Table of Contents
The Grid Resource Allocation and Management (GRAM5) component is used to locate, submit, monitor, and cancel jobs on Grid computing resources. GRAM5 is not a Local Resource Manager, but rather a set of services and clients for communicating with a range of different batch/cluster job schedulers using a common protocol. GRAM5 is meant to address a range of jobs where reliable operation, stateful monitoring, credential management, and file staging are important.

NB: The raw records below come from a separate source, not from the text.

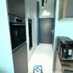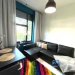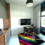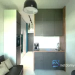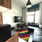 Wnętrze mieszkania zostało urządzone w formie mikroapartamentu, gdzie każdy centymetr przestrzeni został odpowiednio przemyślany. W części dziennej znajduje się miejsce zarówno do odpoczynku, jak i pracy, a kompaktowa kuchnia w zabudowie została wyposażona w najważniejsze sprzęty AGD – zmywarkę, piekarnik, płytę grzewczą czy małą lodówkę. Dzięki temu mieszkanie jest gotowe do natychmiastowego użytkowania lub wynajmu. Duże okno zapewnia dostęp naturalnego światła, co sprawia, że lokal jest optycznie większy i bardziej komfortowy.
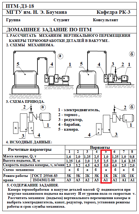Для студентов МГТУ им. Н.Э.Баумана по предмету Подъёмно-транспортные машины (ПТМ)Расчёт механизма подъёмно-транспортной машины (ПТМ)Расчёт механизма подъёмно-транспортной машины (ПТМ)
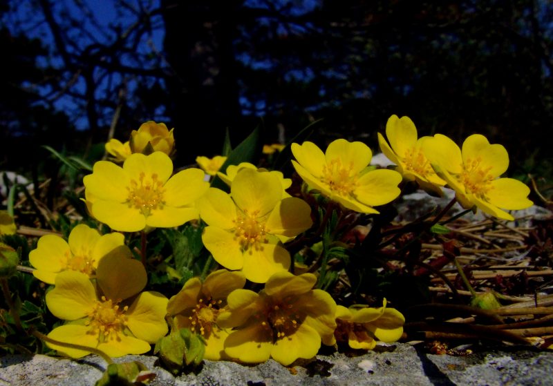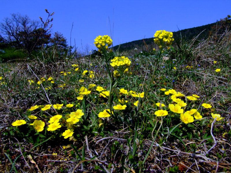 Weitere hübsche Frühlingsblumen zieren das Gras: Das niedere Sandfingerkraut (Potentilla arenaria) und das höhere Berg - Steinkraut (Alyssum montanum), ...
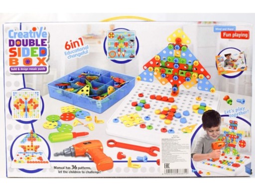 Zestaw do montażu/mozaiki pozwala tworzyć i kreować obrazki płaskie lub przestrzenne.
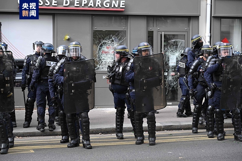 在法國首都巴黎,遊行隊伍下午3點左右從北站平靜出發後,隨後一個由數百名蒙面男子組成的隊伍破壞了銀行機構的櫥窗,並向一輛警車投擲石塊。巴黎警察局稱,這輛汽車遭到“鐵棍”的打擊。車上一名警察手持武器下車,以便與示威者保持距離。一支摩托車警察部隊隨後趕來,阻止了破壞行為並保護了車上的警察。
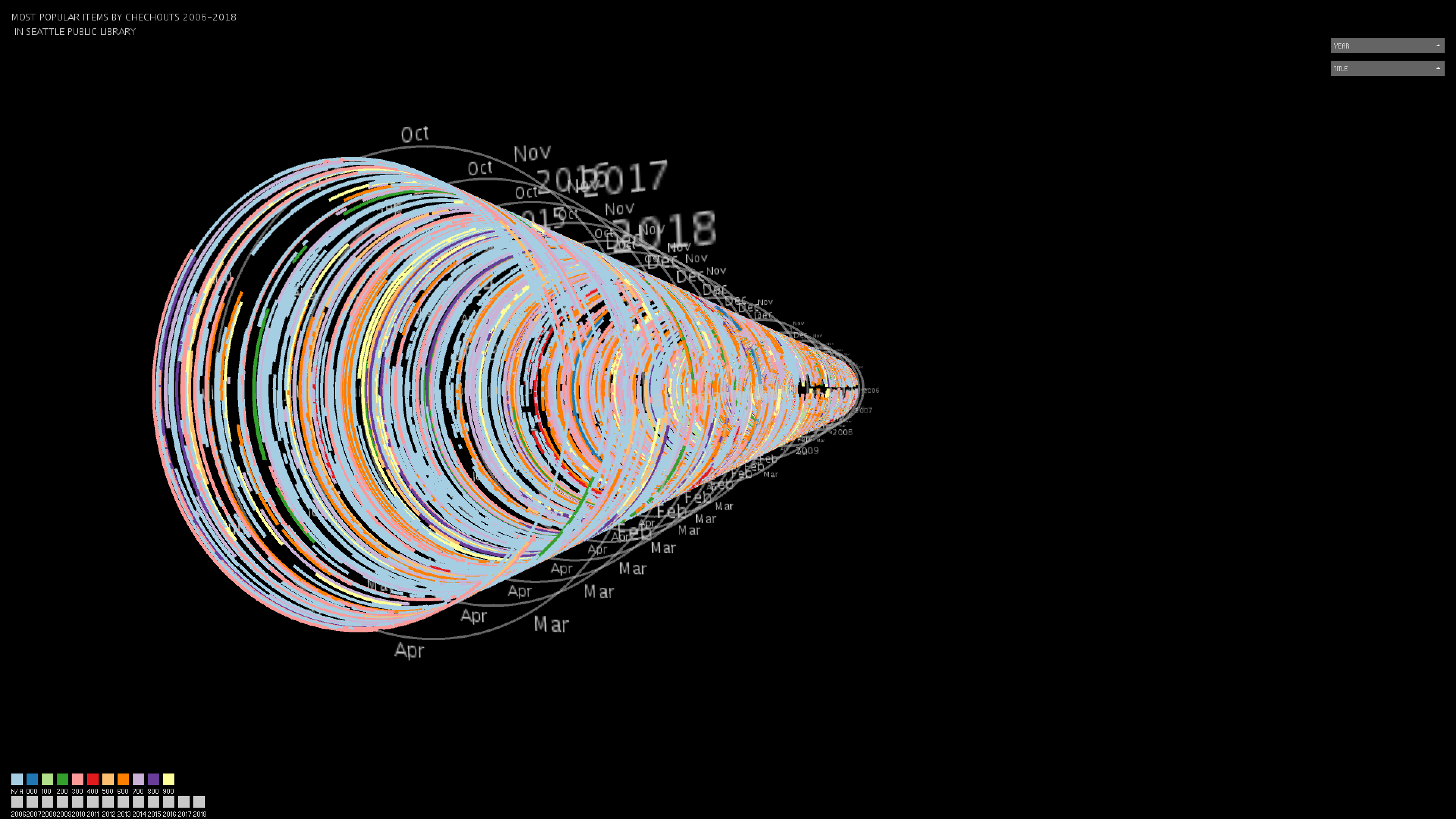 Query: Your query will need to have minimum 4 columns for x,y,z location and then to color or scale the pixel/voxel. Your MySQL query should be more complex then previous ones and cross the full spectrum of the database. As usual, you are expected to come up with an interesting question that will give interesting results! Your query should use MySQL syntax that goes beyond those presented in the demos, and the query should go for granular detail, so mapping main Dewey categories will not be sufficient, nor fulfill the expectation of an interesting query. "Change over Time", correlating data, or spatially distributing data based on algorithms can be interesting to explore. The important thing is that the x,y,z location of where the data is placed should be determined by the data.
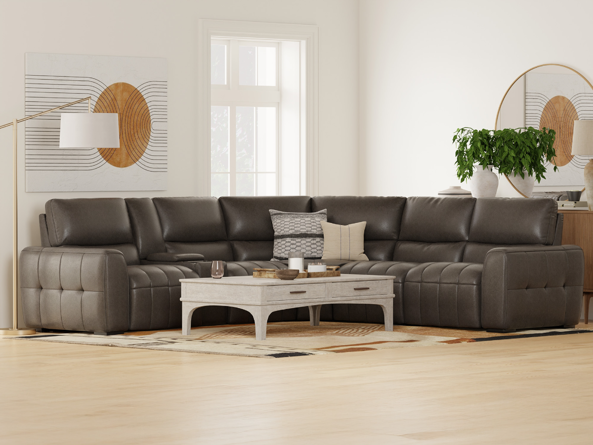 The York Sectional combines modern sophistication with premium functionality to elevate your living space. This six-piece sectional is upholstered in luxurious gray top-grain leather, offering timeless style and durability. Designed with power recline and adjustable power headrests, it ensures personalized comfort for every seat. The storage console adds practical convenience, featuring wireless charging, USB Type A and C ports, and hidden cupholders to keep your essentials organized and accessible. A unique tufted design on the outside arms and seats adds a touch of elegance, setting this sectional apart. Whether you’re entertaining or relaxing, the York Sectional provides the perfect blend of comfort, style, and innovation for your home. Read More
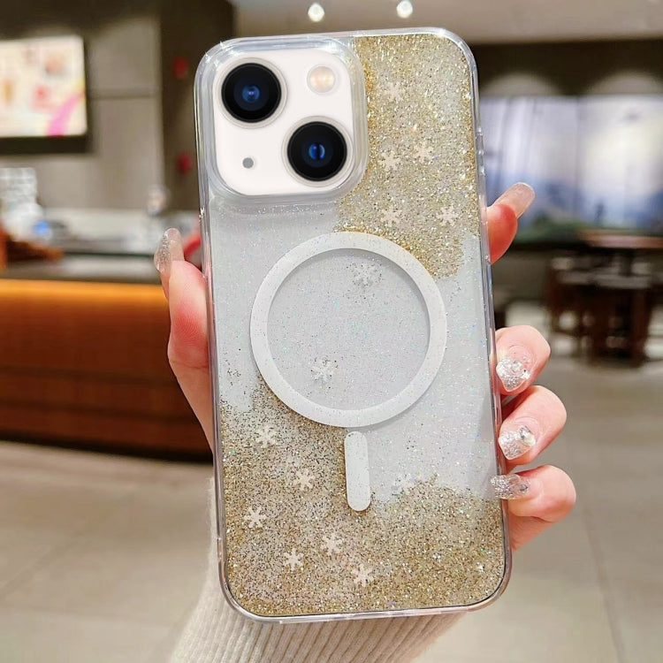 For iPhone 14 Plus Explosive Flash Gradient MagSafe TPU Phone Case(Gold)

New Features new since 5.2.0:
- Better integration with Linux operating systems with native RPM and Debian packages
- Improved logging and integration with system log rotation tools
- Improved scalability and reliability
Other Standard Supported Features
- Remote job execution and management
- Uniform and flexible interface to local resource managers
- File staging before and after job execution
- File and directory clean up after job termination
- Service auditing for each submitted
Removed Features
- Condor SEG module is no longer included. Its functionality has been moved into the core of the job manager program.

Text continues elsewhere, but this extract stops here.